2.2.2. CRF immunohistochemistry in the whole thickness sections of proximal colon and double labeling with tryptophan hydroxylase or Hu C/D

The proximal colon was collected from 3 naïve rats, fixed in formalin, embedded in paraffin and sectioned at 5 m thickness. Immunohistochemistry was performed using avidin-boiotin-peroxidase technique. Sections were deparaffinized in xylene and hydrated in descending grades of ethanol. After washing 2 times (5 min each) in phosphate buffer saline (PBS), slides were placed in a plastic Coplin jar filled with 10 mM citrate buffer (pH 6.0), boiled for 8 min, and followed by cooling to room temperature. Sections were washed twice in PBS. Endogenous peroxidase activity was blocked by incubation for 30 min with 0.3% hydrogen peroxide in PBS at room temperature. Slides were incubated overnight at 4°C with rabbit anti-rat/human CRF antibody C70 (1:20,000, gift from Dr. Wylie W Vale, Clayton Foundation Laboratories, Salk Institute, San Diego, CA) diluted in PBS containing 0.3% Triton X-100, followed by incubation with biotinylated donkey anti-goat IgG (1:1000; Jackson ImmunoResearch, West Grove, PA) for 2 h at room temperature. Sections were subsequently processed for avidin-biotin-peroxidase procedure using diaminobenzidine as a chromogen, and then counterstained with hematoxylin. Immunohistochemical control was routinely performed following the same procedures, except that the primary antibody was pre-absorbed with CRF antigen peptide (20 μg/ml, rat CRF, gift from Jean Rivier, Clayton Foundation Laboratories, Salk Institute).

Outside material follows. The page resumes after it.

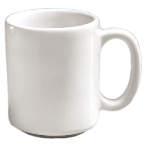 This 10 ounce Houston is white and made from vitrified china. Our mugs and cups are constructed using a one‐piece process that makes them more durable.
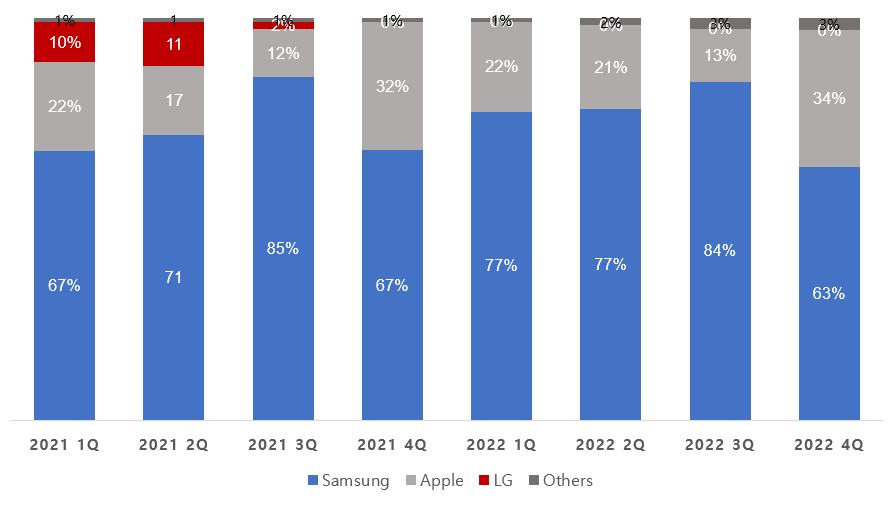 국내에서는 여전히 삼성이 한 몫을 하고 있는 것으로 보인다. 갤럭시 출시일(대략 6월 말)에 맞춰서 점유율이 3분이게 증가했다가, 4분기에 다시 감소하는 그래프를 볼 수 있다. 그럼에도 애플의 점유율은 10~30%로 무시할 수 없는 수치라는 것을 알 수 있다.

For the double immunostaining, sections were deparaffinized in xylene, hydrated in descending grades of ethanol and an antigen retrieval procedure was conducted as described above, then sections were washed three times at 10-min intervals with PBS, and incubated in 10% normal donkey serum (Jackson ImmunoResearch Laboratories, Inc, West Grove, PA) in 0.3% Triton-X 100/PBS for 30 min at room temperature followed by two-overnight incubations with the mixture of rabbit anti-rat CRF antibody (1:5,000, gift from Dr. Wylie Wale) and mouse anti-TPH (1:40, Novocastra Lab Ltd., Newcastles, UK), or mouse anti-Hu C/D (1:200, Molecular probes, Eugene, OR), a neuronal marker. Sections were washed with PBS three times at 10-min intervals and incubated for 2 h at room temperature with the mixture of FITC-conjugated donkey anti-rabbit IgG and Rhodamine Red™-X-conjugated donkey anti-mouse IgG (1:100. Jackson ImmunoResearch Laboratories, Inc, West Grove, PA). After three washes in PBS, sections were counterstained with 4, 6-diamidino-2-phenylindole (DAPI, Sigma-Aldrich, Saint Louis, MO), mounted on slides with anti-fade mounting media (Vector Laboratory Inc., Burlingame, CA) and visualized by standard fluorescence microscopy. The double labeling of CRF/TPH was assessed in at least 20 TPH immunoreactive (ir) positive cells for each rat and expressed in percentage of the total number of TPH positive cells respectively. The means of the values from each animal were used to calculate the group mean.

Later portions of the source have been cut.